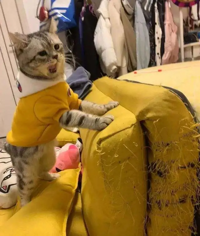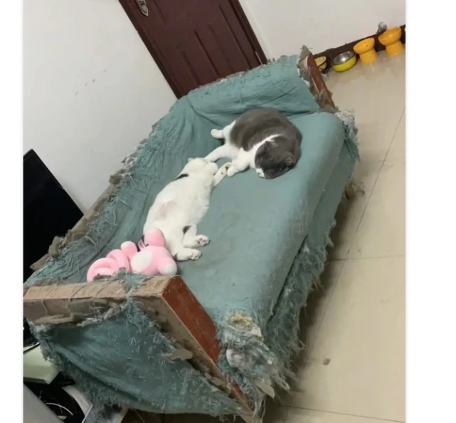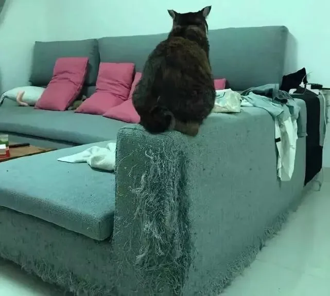在网上看到一个帖子。 一网友搬了新家,本来已经考虑到家里养猫,所以买了一套便宜点的沙发。 本想着,无论猫咪怎么抓挠,它们也不可能那么快就将沙发抓坏。 可是,当沙发来到了家里,猫咪的破坏力着实让铲屎官悲伤无奈。 沙发刚到家的时候,干净整洁,看上去很有格调;可没过多久,沙发就变了一个样。
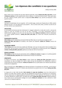 La réponse de la liste Lutte Ouvrière Faire entendre le camp des travailleurs nous est arrivée après la rédaction de cette brève synthèse. Cette liste est globalement d’accord avec l’ensemble de nos demandes, mais les replace dans une logique globale de remise en cause de l’ordre capitaliste. On trouvera sur notre site la réponse détaillée au questionnaire, de même que celle d’Aulnay plus fière, plus forte. Malheureusement, nous n’avons pas eu de document analogue de la part d’Aulnay en commun, qui nous a adressé un texte reprenant son programme général.
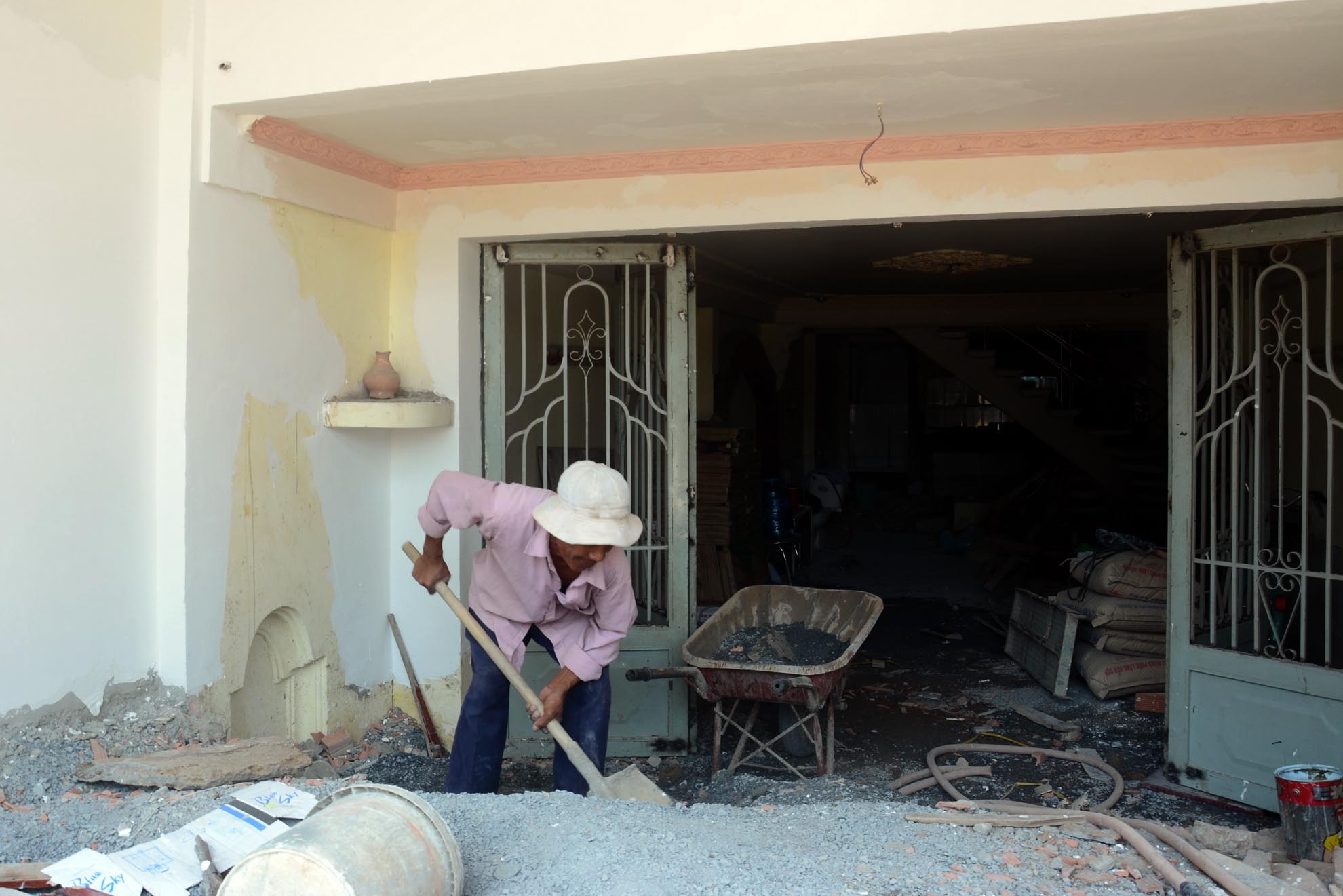 | Đang sửa lại căn nhà thấp hơn đường 1,5 m, ông Nguyễn Văn Thịnh cho biết, chính quyền chỉ cho sửa theo hiện trạng. Phần dưới ông làm thành hầm để đồ còn phần trên dùng để ở. Tuy không sửa nhiều nhưng chi phí cũng gần 100 triệu đồng. |
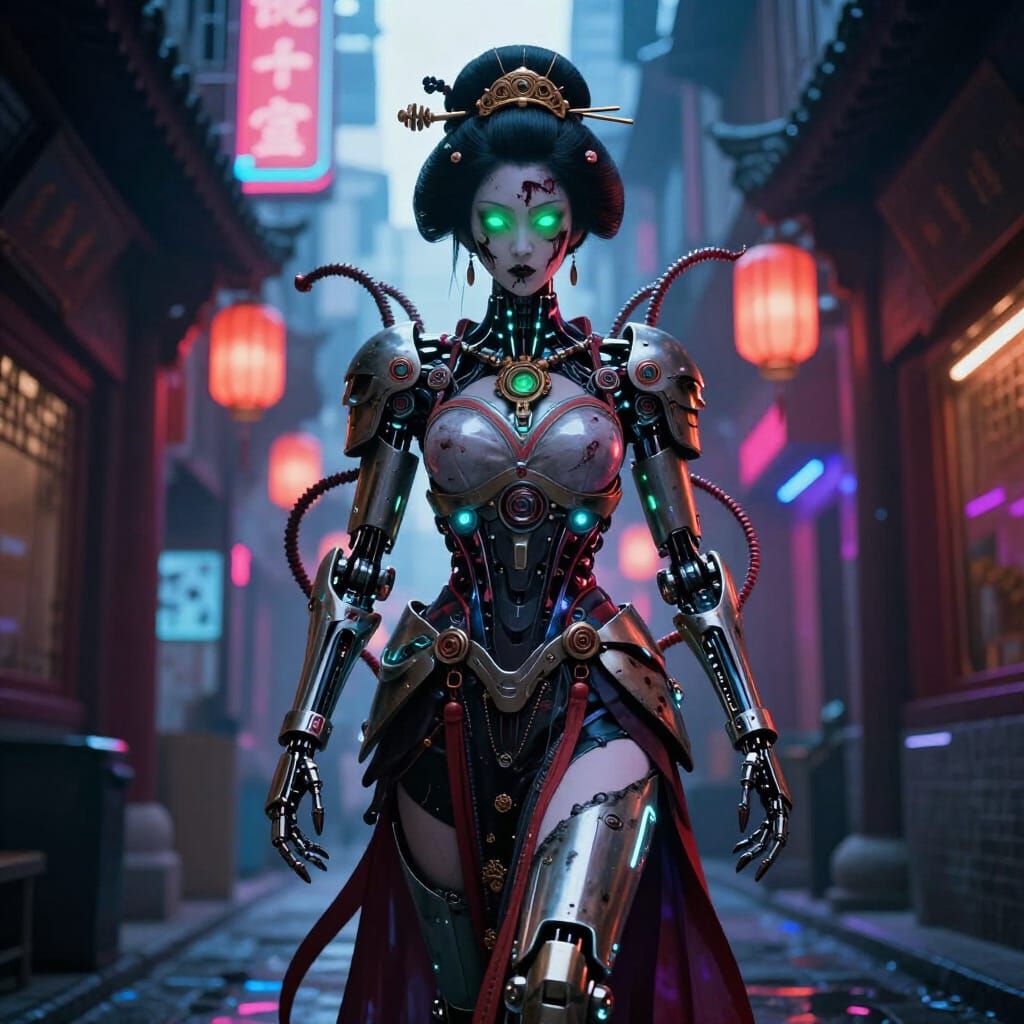 This image depicts a futuristic geisha warrior in glowing cybernetic armor, walking through a neon-lit cyberpunk city. Mechanical parts and eerie green eyes add to the gritty sci-fi aesthetic.
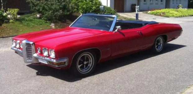 1970 Pontiac Bonneville Convertible muscle car looking hot in red.
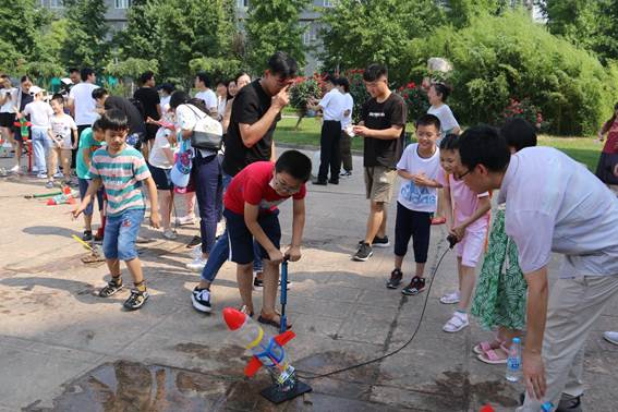习近平总书记高度关注着青少年的健康成长,强调要在全社会推动形成讲科学、爱科学、学科学、用科学的良好氛围,并多次强调科技创新的重要性。激发和培养西安工大附小学生动手能力和科学精神,2020年7月8日,材化学院依托陕西省“兵器小镇”科普中心开展“大手拉小手,点亮科学梦”水火箭实验活动,西安工业附小学生及家长共计90余人参与。活动由陕西省“兵器小镇”科普中心、91猫先生
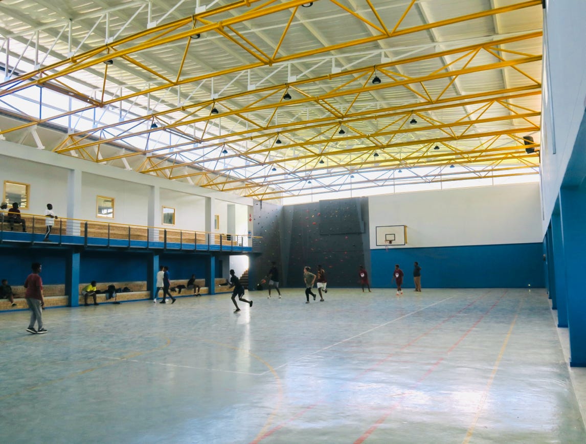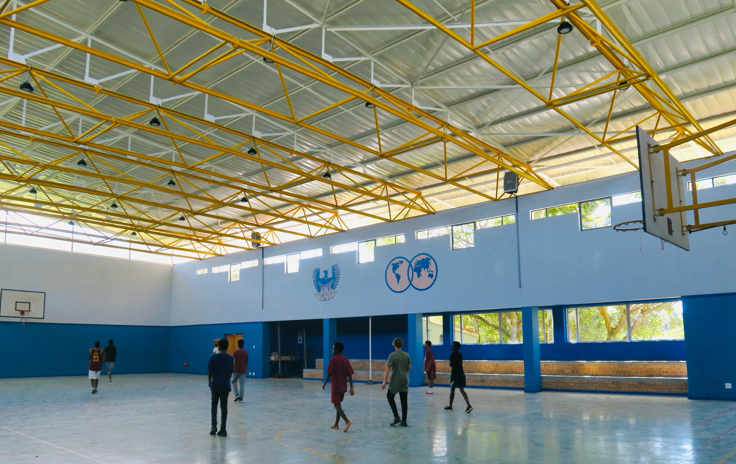 An existing multipurpose hall, built in 1985, was altered to become a light filled modern hall with a spectator gallery, facilities such as a weight training room, offices and stores.
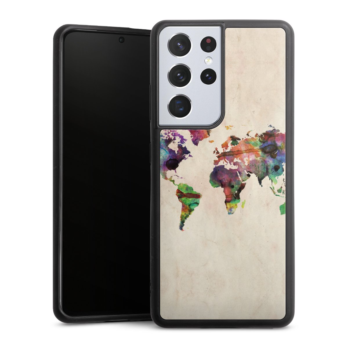 We print your design on the back of the glass inlay and then connect it firmly to the silicone case ,so that nothing sticks out and everything looks like it was cast from one piece. In addition, the sturdy glass element is protected from scratches by an additional coating and ensures a slight reflection on the shiny print image.
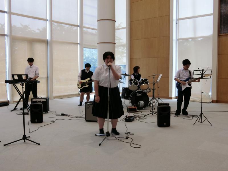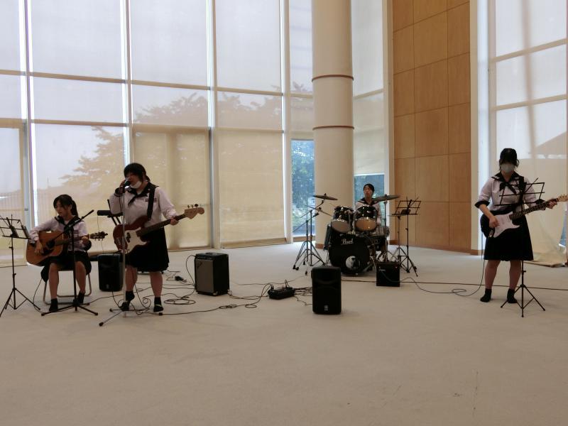 放課後、生徒ホールにて軽音楽部によるミニライブが行われました。多くの生徒が見つめる中、臨場感あふれる演奏を行いました。
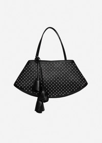 A half-moon crafted from black leather with all-over silver studs. The curved silhouette is framed with sleek black leather handles and adorned with a rose flower charm—a signature Magda Butrym detail. Designed for day-to-night versatility Details ID: 913426 Exterior: 100% Calf Leather, Interior: 100% Calf Leather Sizing Approximate measurements: 22 cm height, 44 cm width, 6 cm depth (at bottom)
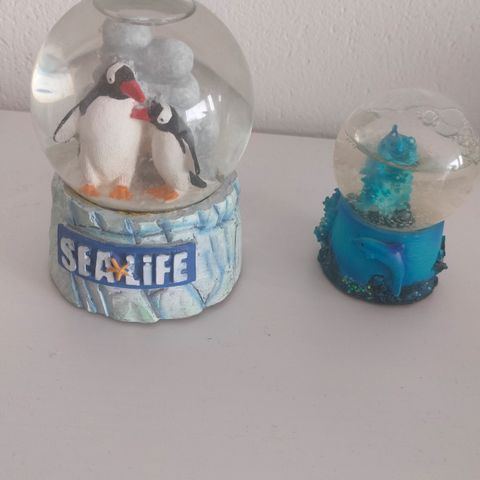Kaksi lumisadepalloa, 9.5cm ja 13cm
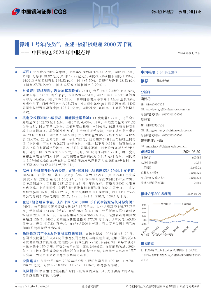 中国银河:中国核电2024年中报点评:漳州1号年内投产,在建+核准核电超2000万千瓦.pdf
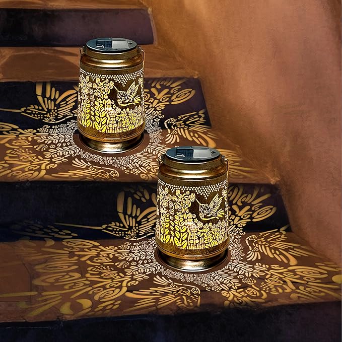 • [Perfect Garden Decorative]: Hummingbird solar lanterns outdoor camping waterproof lights adopts hollow out design and monarch butterfly pattern,with Bronze Color and hollow out metal veneer, the solar outdoor lanterns casts bright and warm light in darkness, Solar lanterns could project beautiful patterns, creating a gorgeous and warm atmosphere. Perfect for decorations for garden,patio,lawn,backyards,yard, porch, pathway, walkway, terrace, balcony , twinkling tree, placed on the tabletop or on the ground and many other scenes.When lit at night, adding a touch of color to your garden.Size:6.00"H x 4.5"W x 4.5"L.
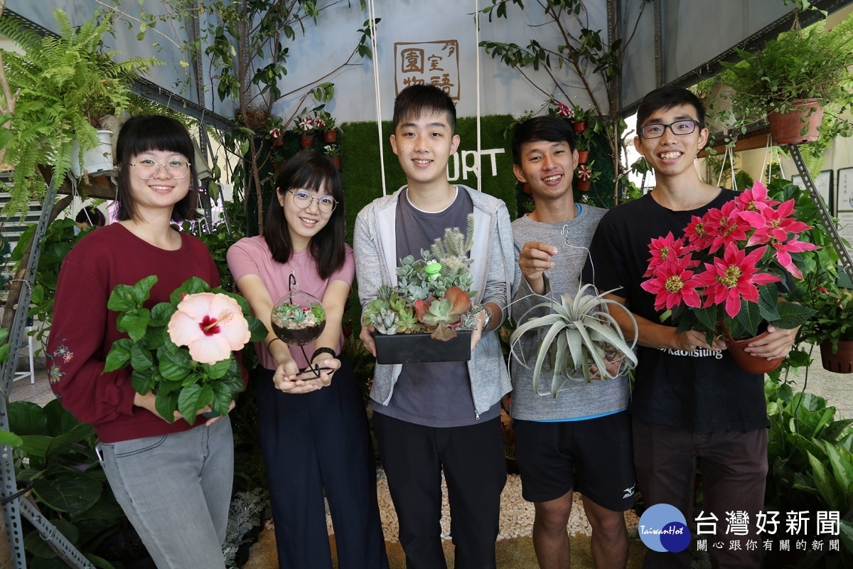 此次展示及開放選購的植物種類多元,包含香草、多肉、食蟲、 蘭花、空氣鳳梨、觀葉植物等, 並有專人介紹各個植物的特性及照顧方式。另有DIY體驗區, 可動手製作多肉組盆及押花鑰匙圈,並有學生自製的研習產品, 果乾、果醬、酥皮等可選購。
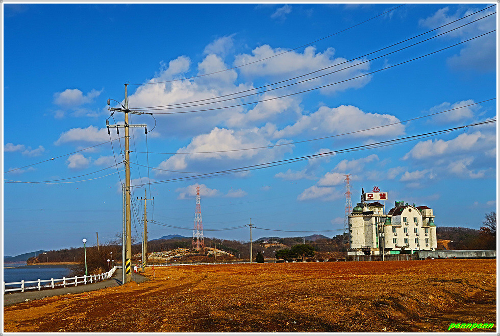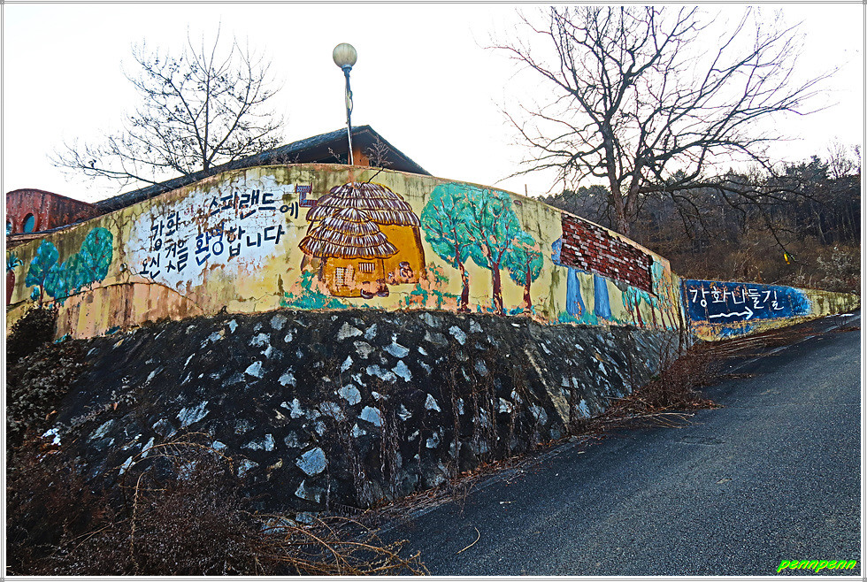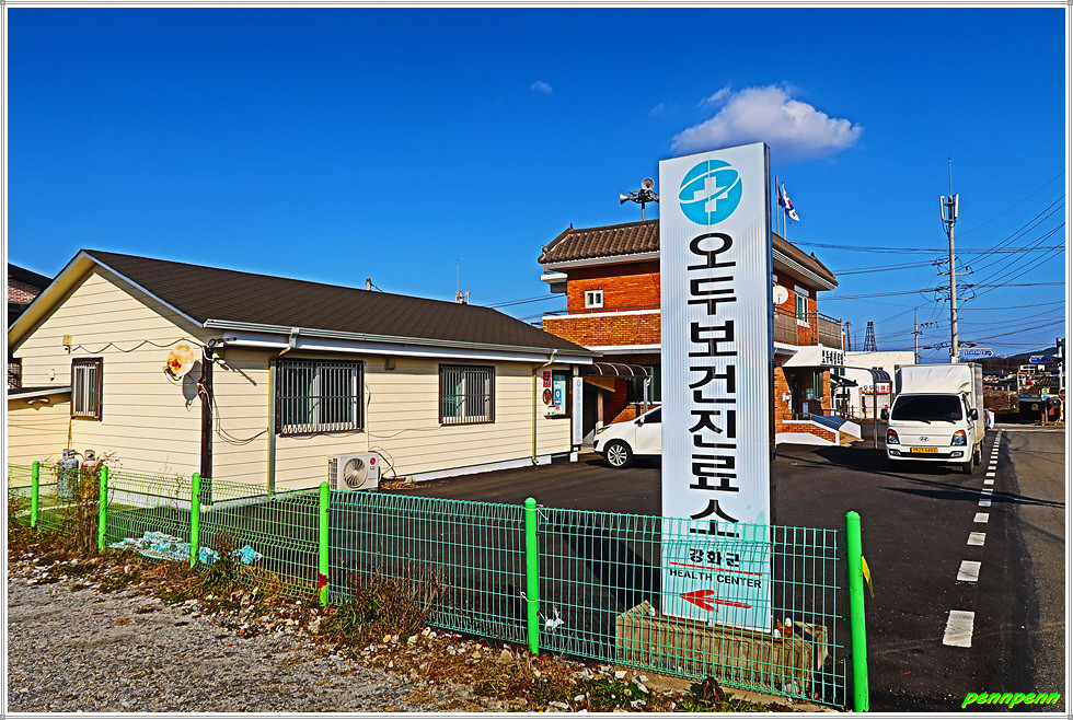 사북천을 가로지르는 다리를 건너 좌측으로 가다가 붉은 지붕의 건물에서 우측 산으로 들어섭니다. 오늘 나들길의 반 정도는 숲길인 듯합니다. 오두리 간이상수도시설에서 좌측으로 몸을 돌려세운 후 숲을 나와 오두보건진료소 및 오두리경노당을 지나 우측 동남쪽으로 뻗는 일직선 도로를 따라 걷습니다. 강화해안도로를 가로지르면 강화해변인데 이 길은 강화나들길 2코스(호국돈대길)와 만나는 길이어서 눈에 익습니다. 여기서부터 광성보까지는 2코스와 6코스가 함께 가는 길입니다.

###

▶ _Exercise goal_: The records above should be reproduced exactly, with no pictures included.

▶ _Task output_:
在网上看到一个帖子。 一网友搬了新家,本来已经考虑到家里养猫,所以买了一套便宜点的沙发。 本想着,无论猫咪怎么抓挠,它们也不可能那么快就将沙发抓坏。 可是,当沙发来到了家里,猫咪的破坏力着实让铲屎官悲伤无奈。 沙发刚到家的时候,干净整洁,看上去很有格调;可没过多久,沙发就变了一个样。
 La réponse de la liste Lutte Ouvrière Faire entendre le camp des travailleurs nous est arrivée après la rédaction de cette brève synthèse. Cette liste est globalement d’accord avec l’ensemble de nos demandes, mais les replace dans une logique globale de remise en cause de l’ordre capitaliste. On trouvera sur notre site la réponse détaillée au questionnaire, de même que celle d’Aulnay plus fière, plus forte. Malheureusement, nous n’avons pas eu de document analogue de la part d’Aulnay en commun, qui nous a adressé un texte reprenant son programme général.
 | Đang sửa lại căn nhà thấp hơn đường 1,5 m, ông Nguyễn Văn Thịnh cho biết, chính quyền chỉ cho sửa theo hiện trạng. Phần dưới ông làm thành hầm để đồ còn phần trên dùng để ở. Tuy không sửa nhiều nhưng chi phí cũng gần 100 triệu đồng. |
 This image depicts a futuristic geisha warrior in glowing cybernetic armor, walking through a neon-lit cyberpunk city. Mechanical parts and eerie green eyes add to the gritty sci-fi aesthetic.
 1970 Pontiac Bonneville Convertible muscle car looking hot in red.
习近平总书记高度关注着青少年的健康成长,强调要在全社会推动形成讲科学、爱科学、学科学、用科学的良好氛围,并多次强调科技创新的重要性。激发和培养西安工大附小学生动手能力和科学精神,2020年7月8日,材化学院依托陕西省“兵器小镇”科普中心开展“大手拉小手,点亮科学梦”水火箭实验活动,西安工业附小学生及家长共计90余人参与。活动由陕西省“兵器小镇”科普中心、91猫先生
 An existing multipurpose hall, built in 1985, was altered to become a light filled modern hall with a spectator gallery, facilities such as a weight training room, offices and stores.
 We print your design on the back of the glass inlay and then connect it firmly to the silicone case ,so that nothing sticks out and everything looks like it was cast from one piece. In addition, the sturdy glass element is protected from scratches by an additional coating and ensures a slight reflection on the shiny print image.
 放課後、生徒ホールにて軽音楽部によるミニライブが行われました。多くの生徒が見つめる中、臨場感あふれる演奏を行いました。
 A half-moon crafted from black leather with all-over silver studs. The curved silhouette is framed with sleek black leather handles and adorned with a rose flower charm—a signature Magda Butrym detail. Designed for day-to-night versatility Details ID: 913426 Exterior: 100% Calf Leather, Interior: 100% Calf Leather Sizing Approximate measurements: 22 cm height, 44 cm width, 6 cm depth (at bottom)
Kaksi lumisadepalloa, 9.5cm ja 13cm
 中国银河:中国核电2024年中报点评:漳州1号年内投产,在建+核准核电超2000万千瓦.pdf
 • [Perfect Garden Decorative]: Hummingbird solar lanterns outdoor camping waterproof lights adopts hollow out design and monarch butterfly pattern,with Bronze Color and hollow out metal veneer, the solar outdoor lanterns casts bright and warm light in darkness, Solar lanterns could project beautiful patterns, creating a gorgeous and warm atmosphere. Perfect for decorations for garden,patio,lawn,backyards,yard, porch, pathway, walkway, terrace, balcony , twinkling tree, placed on the tabletop or on the ground and many other scenes.When lit at night, adding a touch of color to your garden.Size:6.00"H x 4.5"W x 4.5"L.
 此次展示及開放選購的植物種類多元,包含香草、多肉、食蟲、 蘭花、空氣鳳梨、觀葉植物等, 並有專人介紹各個植物的特性及照顧方式。另有DIY體驗區, 可動手製作多肉組盆及押花鑰匙圈,並有學生自製的研習產品, 果乾、果醬、酥皮等可選購。
 사북천을 가로지르는 다리를 건너 좌측으로 가다가 붉은 지붕의 건물에서 우측 산으로 들어섭니다. 오늘 나들길의 반 정도는 숲길인 듯합니다. 오두리 간이상수도시설에서 좌측으로 몸을 돌려세운 후 숲을 나와 오두보건진료소 및 오두리경노당을 지나 우측 동남쪽으로 뻗는 일직선 도로를 따라 걷습니다. 강화해안도로를 가로지르면 강화해변인데 이 길은 강화나들길 2코스(호국돈대길)와 만나는 길이어서 눈에 익습니다. 여기서부터 광성보까지는 2코스와 6코스가 함께 가는 길입니다.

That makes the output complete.